───── DATA TO EXAMINE
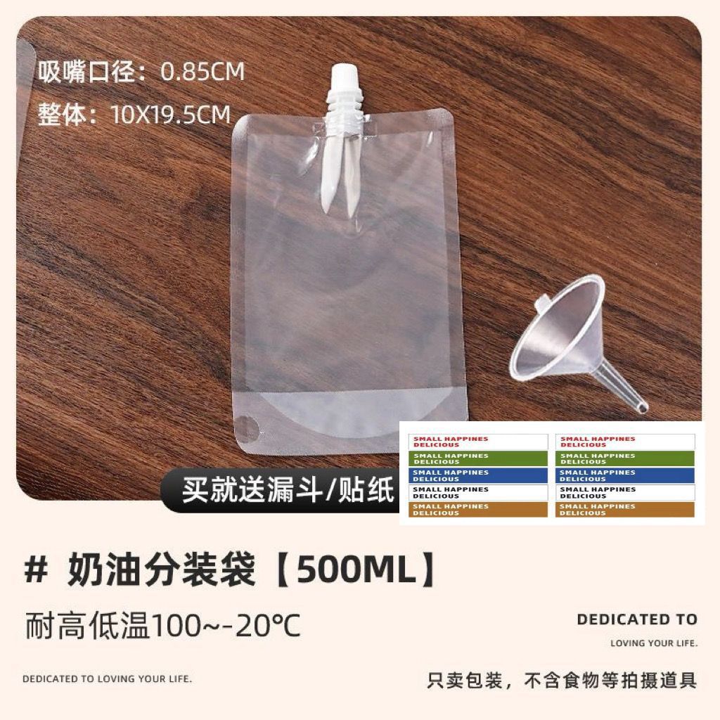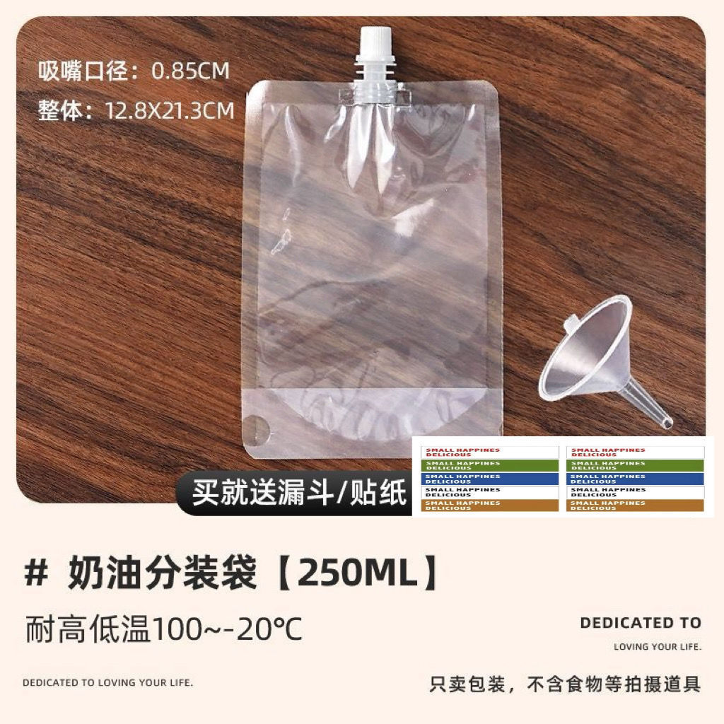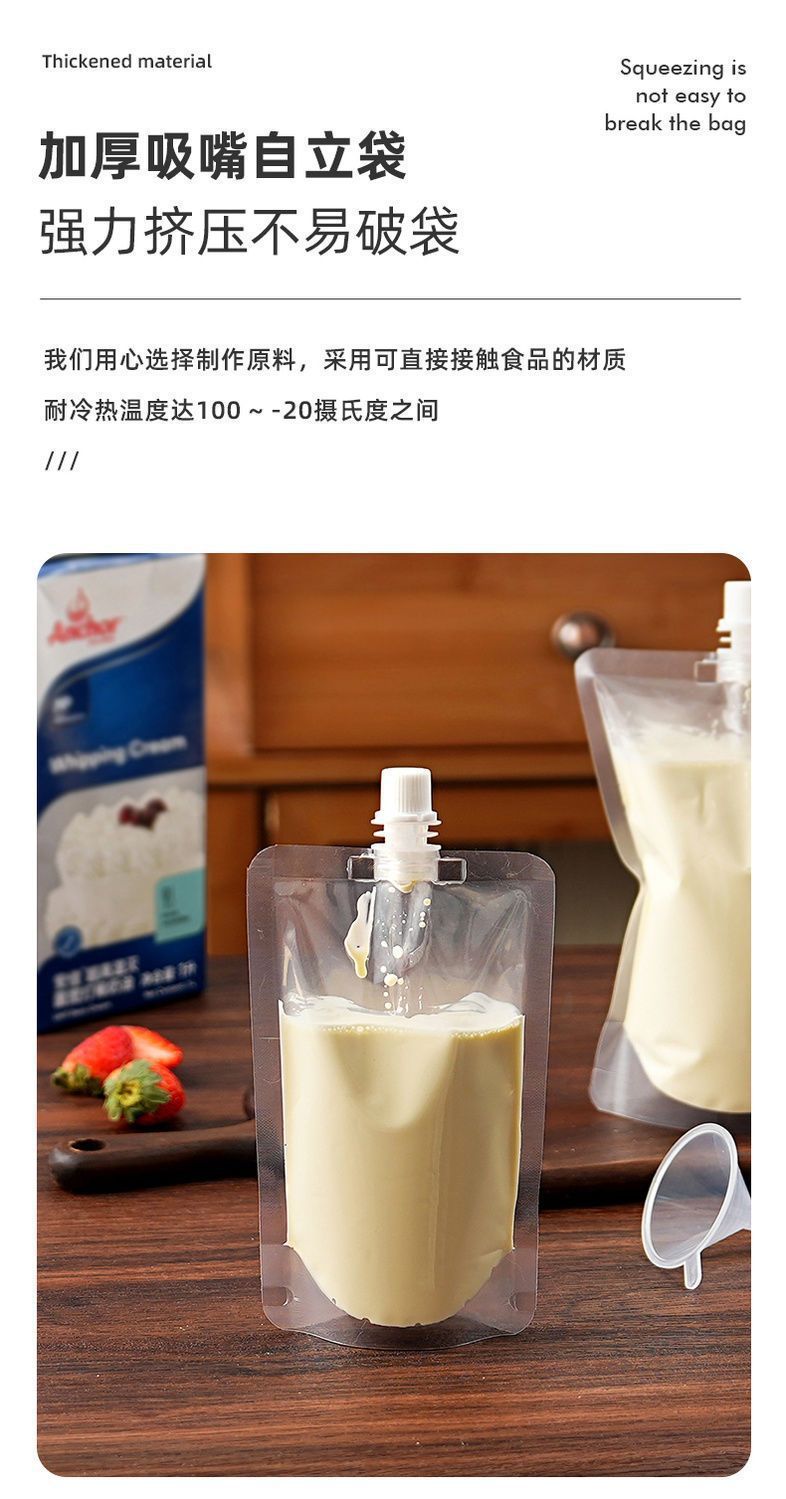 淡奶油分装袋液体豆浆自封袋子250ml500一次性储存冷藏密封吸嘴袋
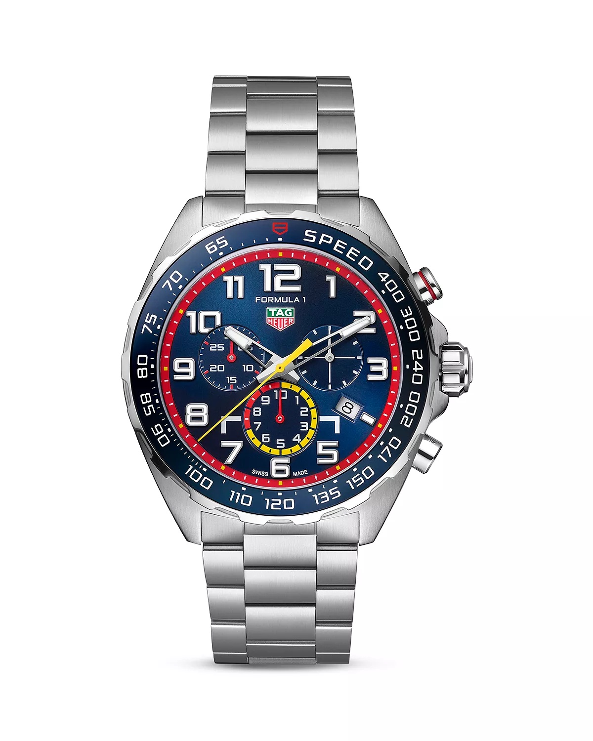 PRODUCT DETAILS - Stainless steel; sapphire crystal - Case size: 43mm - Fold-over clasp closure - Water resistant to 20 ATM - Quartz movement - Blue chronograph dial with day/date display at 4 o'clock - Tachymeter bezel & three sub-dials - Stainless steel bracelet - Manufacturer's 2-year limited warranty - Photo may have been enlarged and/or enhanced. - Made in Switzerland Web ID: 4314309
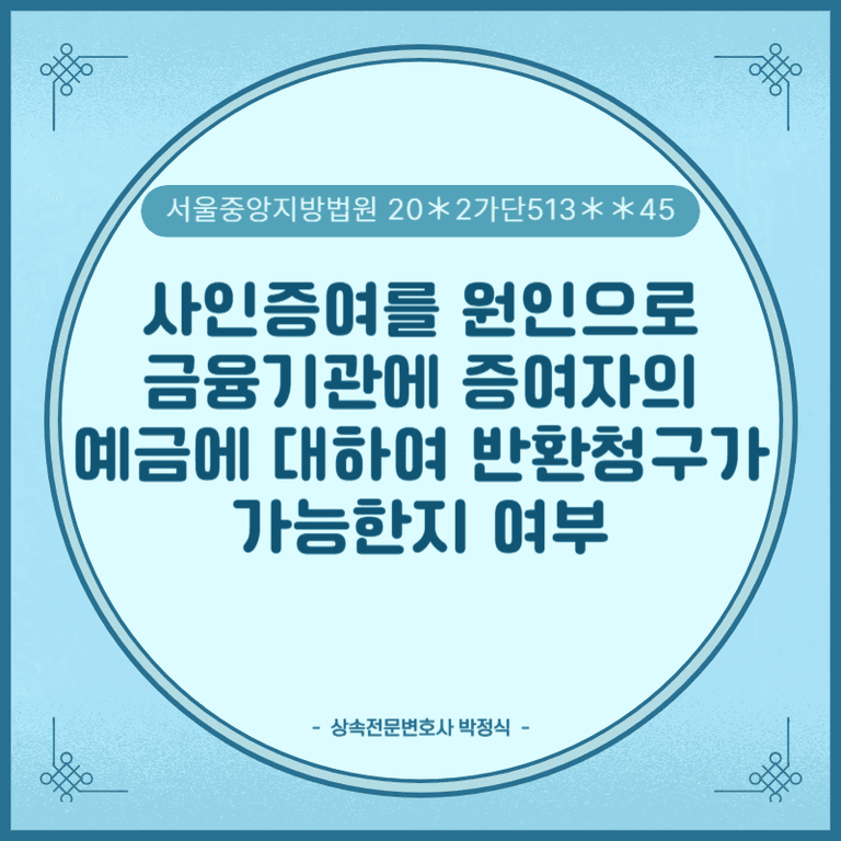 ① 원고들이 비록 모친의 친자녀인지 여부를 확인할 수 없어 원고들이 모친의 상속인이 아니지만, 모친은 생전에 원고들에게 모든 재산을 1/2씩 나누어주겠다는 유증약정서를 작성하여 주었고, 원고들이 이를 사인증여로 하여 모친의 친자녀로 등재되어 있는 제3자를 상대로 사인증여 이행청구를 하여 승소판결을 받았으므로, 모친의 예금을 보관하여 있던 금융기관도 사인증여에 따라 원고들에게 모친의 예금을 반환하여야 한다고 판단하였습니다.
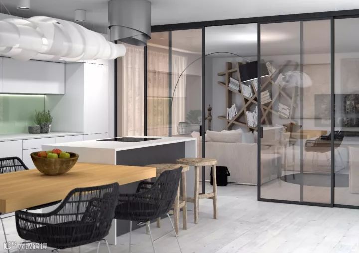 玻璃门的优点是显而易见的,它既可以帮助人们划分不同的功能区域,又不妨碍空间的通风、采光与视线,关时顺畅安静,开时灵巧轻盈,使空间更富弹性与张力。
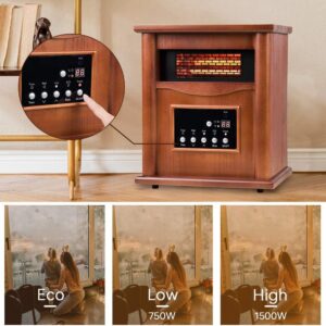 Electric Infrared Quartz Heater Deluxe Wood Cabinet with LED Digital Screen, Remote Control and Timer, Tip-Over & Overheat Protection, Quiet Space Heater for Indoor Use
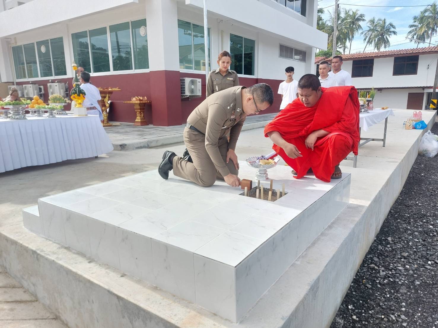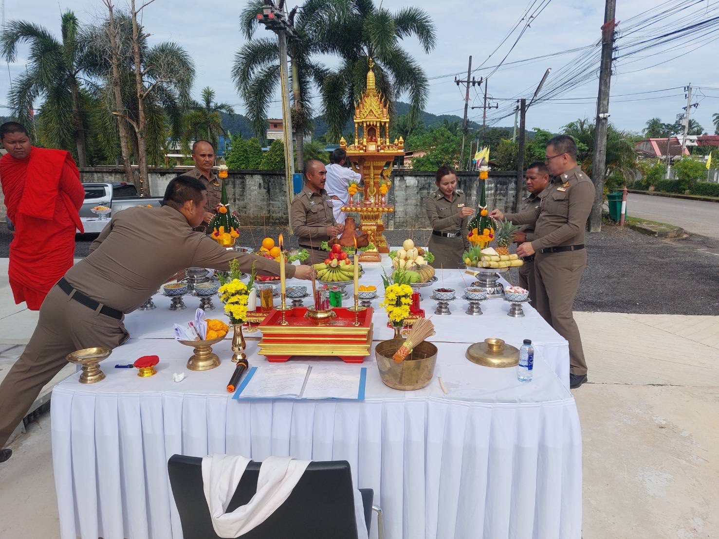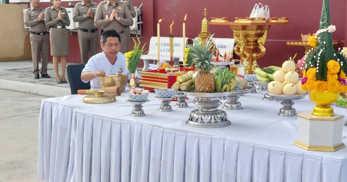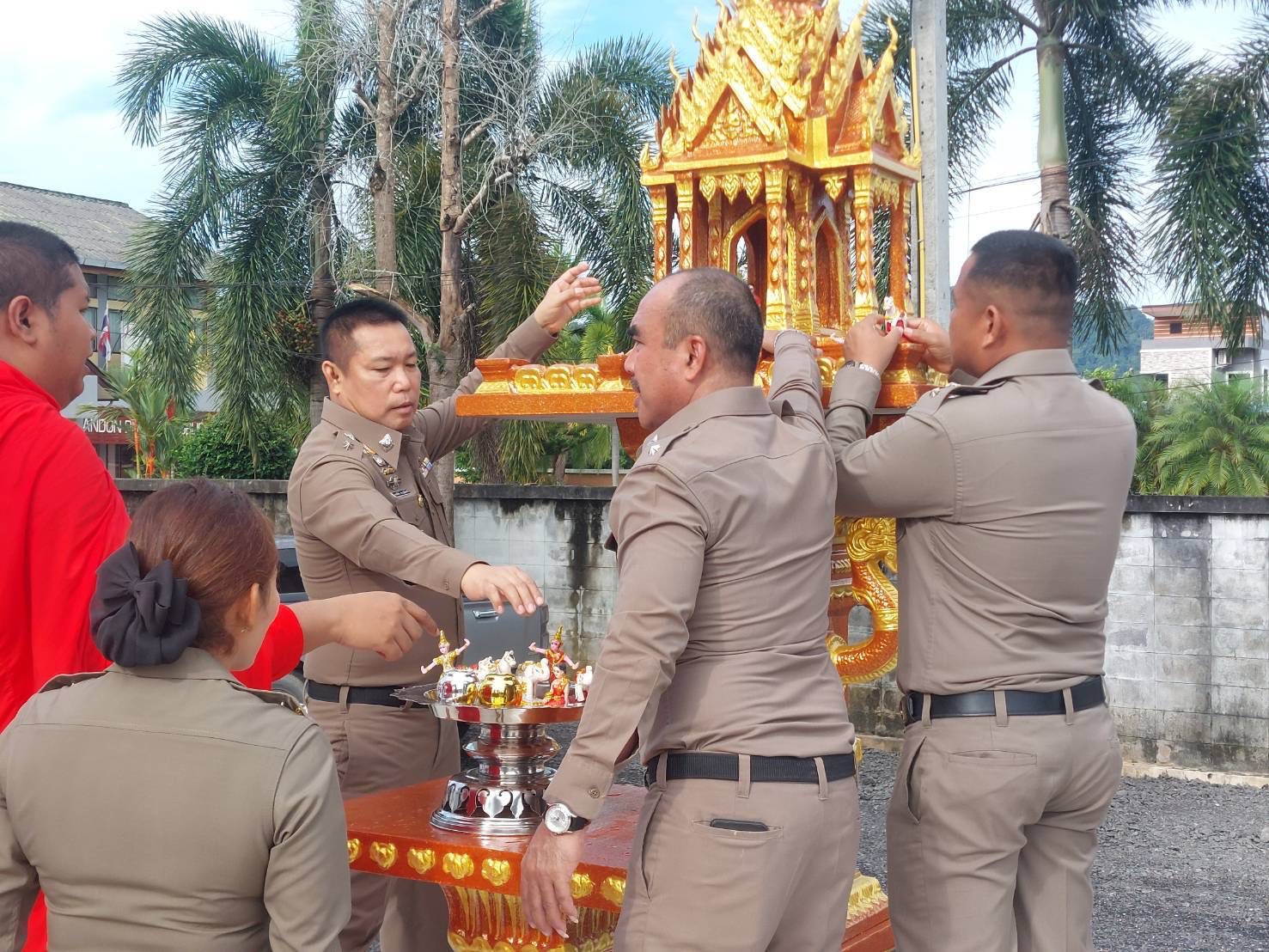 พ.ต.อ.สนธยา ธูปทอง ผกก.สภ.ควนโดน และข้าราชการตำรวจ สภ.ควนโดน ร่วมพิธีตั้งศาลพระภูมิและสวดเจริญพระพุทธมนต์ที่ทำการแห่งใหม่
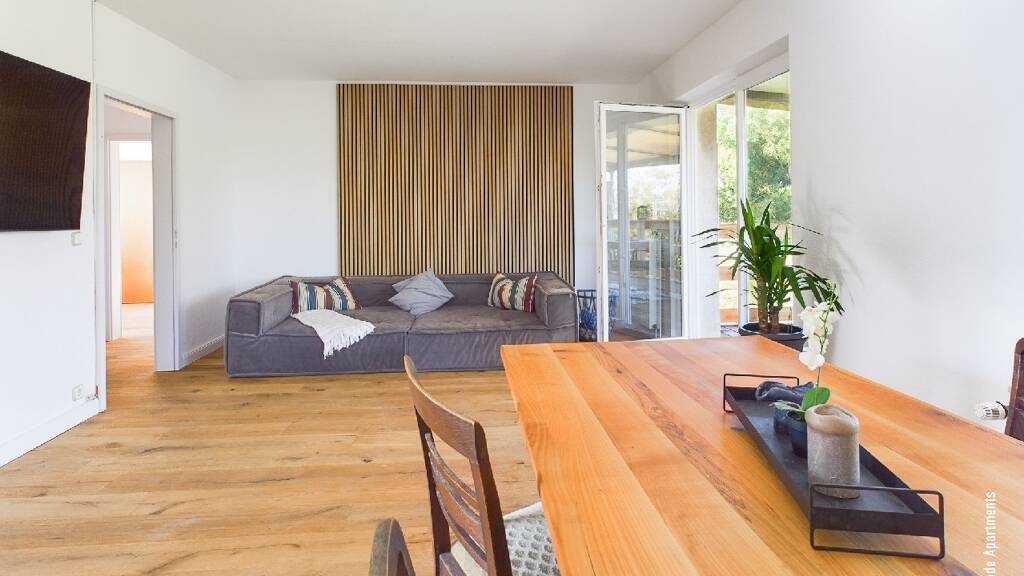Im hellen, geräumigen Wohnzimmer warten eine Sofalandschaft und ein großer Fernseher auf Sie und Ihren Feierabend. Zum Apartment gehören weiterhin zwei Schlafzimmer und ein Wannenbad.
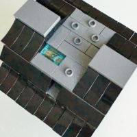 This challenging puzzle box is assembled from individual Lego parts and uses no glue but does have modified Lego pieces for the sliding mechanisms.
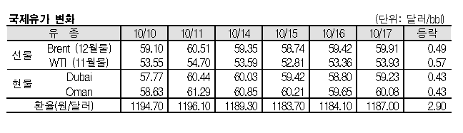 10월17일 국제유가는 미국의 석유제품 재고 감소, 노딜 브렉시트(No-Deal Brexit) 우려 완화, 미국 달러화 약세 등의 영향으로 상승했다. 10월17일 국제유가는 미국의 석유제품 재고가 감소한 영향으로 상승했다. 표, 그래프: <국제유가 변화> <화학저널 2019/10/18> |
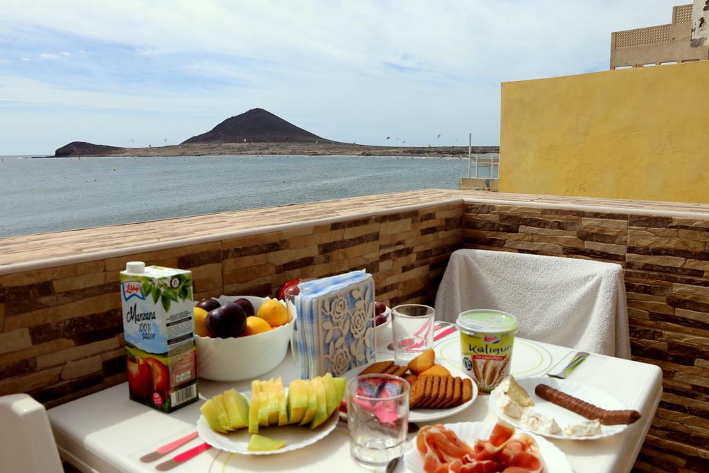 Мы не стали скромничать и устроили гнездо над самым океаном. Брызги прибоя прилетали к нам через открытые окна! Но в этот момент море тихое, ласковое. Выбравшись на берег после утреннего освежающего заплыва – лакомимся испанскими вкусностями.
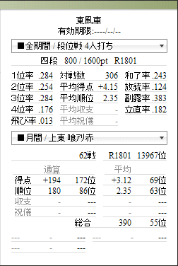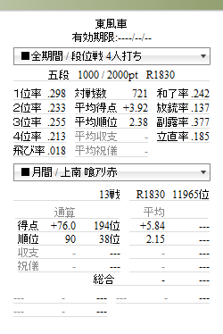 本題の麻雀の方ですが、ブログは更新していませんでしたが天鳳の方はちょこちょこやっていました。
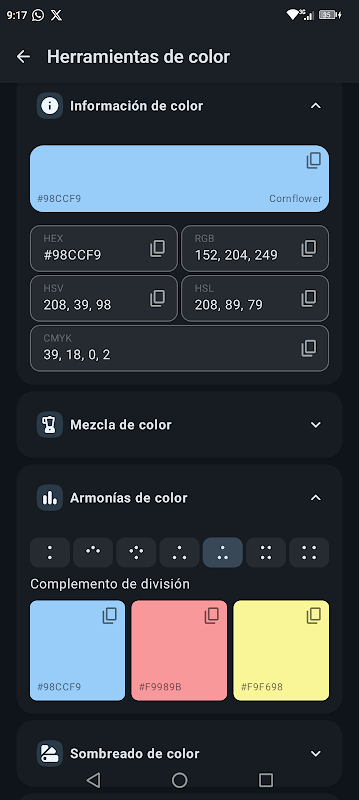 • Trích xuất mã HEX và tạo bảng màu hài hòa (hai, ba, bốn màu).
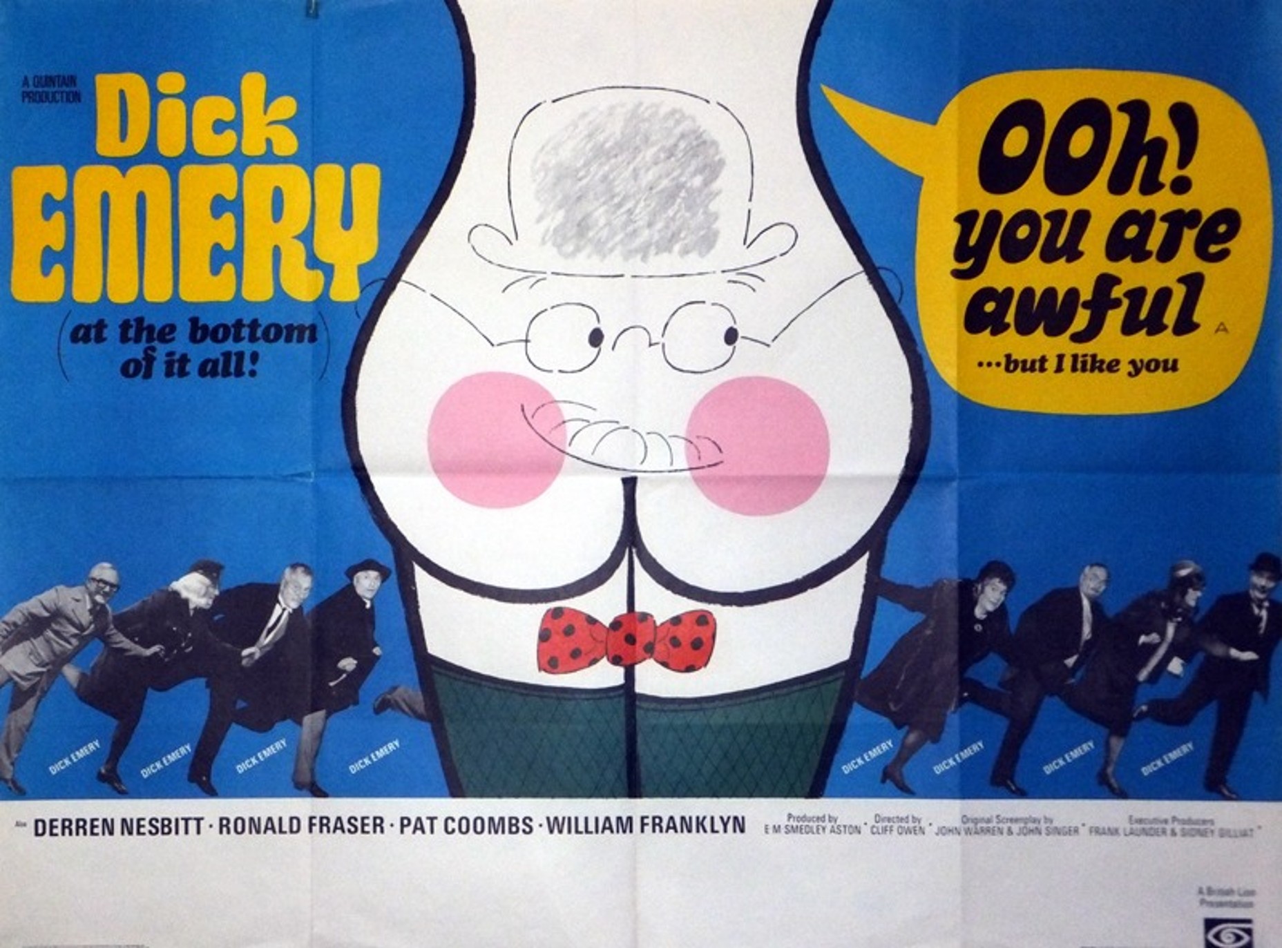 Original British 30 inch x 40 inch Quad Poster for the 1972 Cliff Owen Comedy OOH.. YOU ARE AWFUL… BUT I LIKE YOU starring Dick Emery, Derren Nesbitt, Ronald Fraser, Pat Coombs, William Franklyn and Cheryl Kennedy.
──────────
WORK TO BE COMPLETED: Print from the line containing "本題の麻雀の方ですが、ブログ" through the line containing "ba, bốn màu)." in the data above, exactly as the lines stand, and omit every picture.

PROBLEM SOLUTION:
 本題の麻雀の方ですが、ブログは更新していませんでしたが天鳳の方はちょこちょこやっていました。
 • Trích xuất mã HEX và tạo bảng màu hài hòa (hai, ba, bốn màu).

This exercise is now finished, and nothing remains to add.